Leaving the pictures aside, return the listing exactly as it appears.

__PROVIDED DATA__

========================================================================

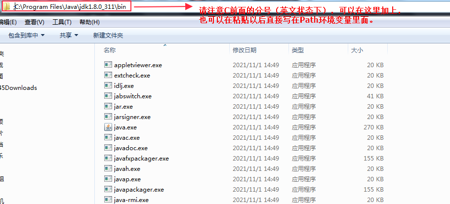 还需要再进行最后一步,将上面的bin目录的路径添加到 Path环境变量里面,和上面一样,双击bin文件夹,进入文件夹,复制粘贴,需要注意的是,Windows7的Path环境变量使用英文的分号(;)分隔
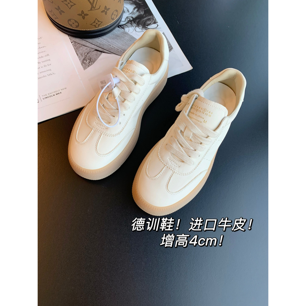 Deutsch Training Shoes! Cowhide! Increase Height by 4cm~ Casual Sports Sneakers Thick-Soled Versatile White Shoes for Women Spring G042201
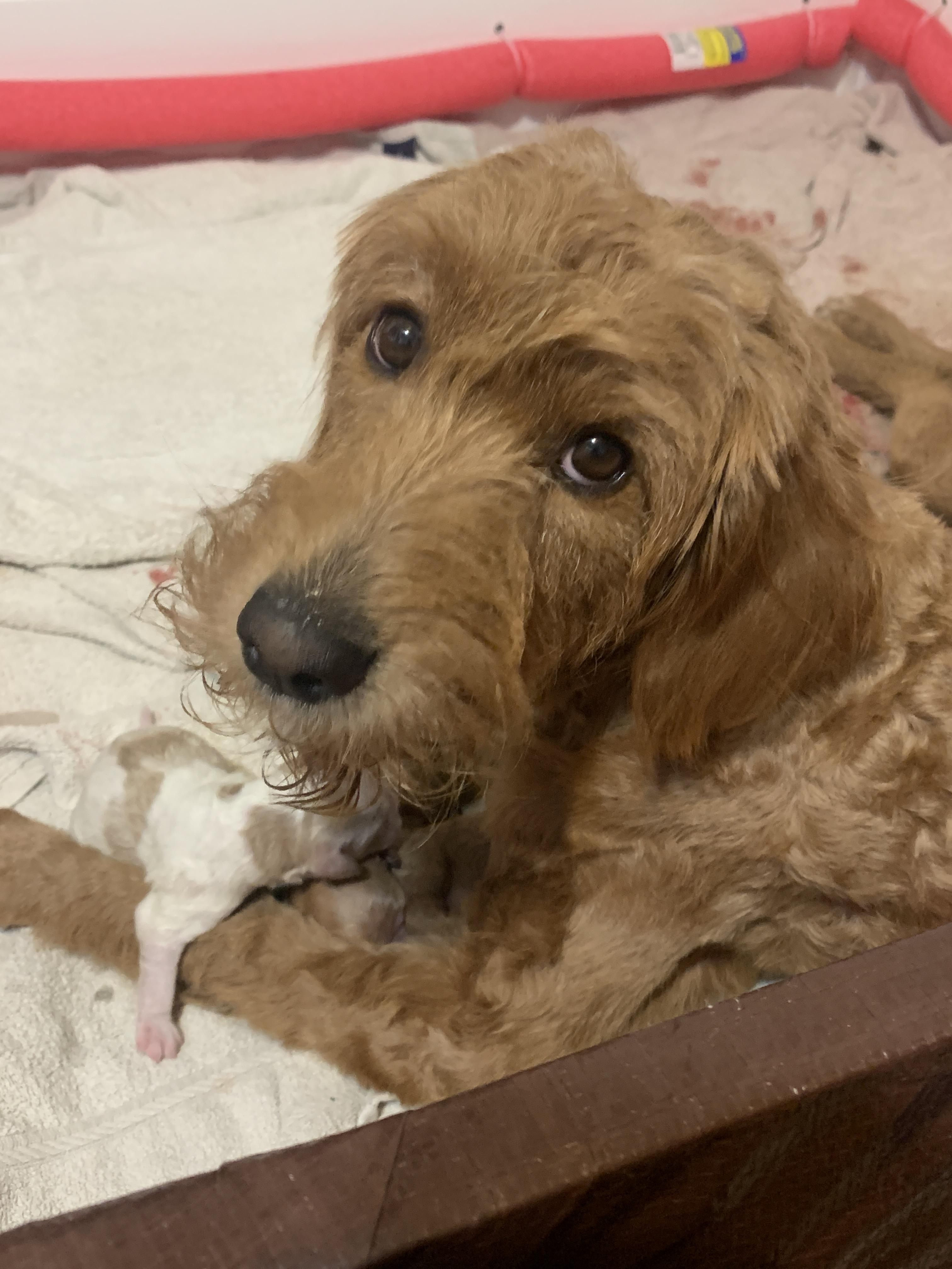 Lady is a female Goldendoodle. Carefully selected as a great representative of her breed, Jessica decided to make her part of their program. Jessica has passed Good Dog’s screening process, which involved a review of their breeding practices, environment, and the mental and physical health of their dogs.

========================================================================

__ANSWER TO THIS EXERCISE__
 还需要再进行最后一步,将上面的bin目录的路径添加到 Path环境变量里面,和上面一样,双击bin文件夹,进入文件夹,复制粘贴,需要注意的是,Windows7的Path环境变量使用英文的分号(;)分隔
 Deutsch Training Shoes! Cowhide! Increase Height by 4cm~ Casual Sports Sneakers Thick-Soled Versatile White Shoes for Women Spring G042201
 Lady is a female Goldendoodle. Carefully selected as a great representative of her breed, Jessica decided to make her part of their program. Jessica has passed Good Dog’s screening process, which involved a review of their breeding practices, environment, and the mental and physical health of their dogs.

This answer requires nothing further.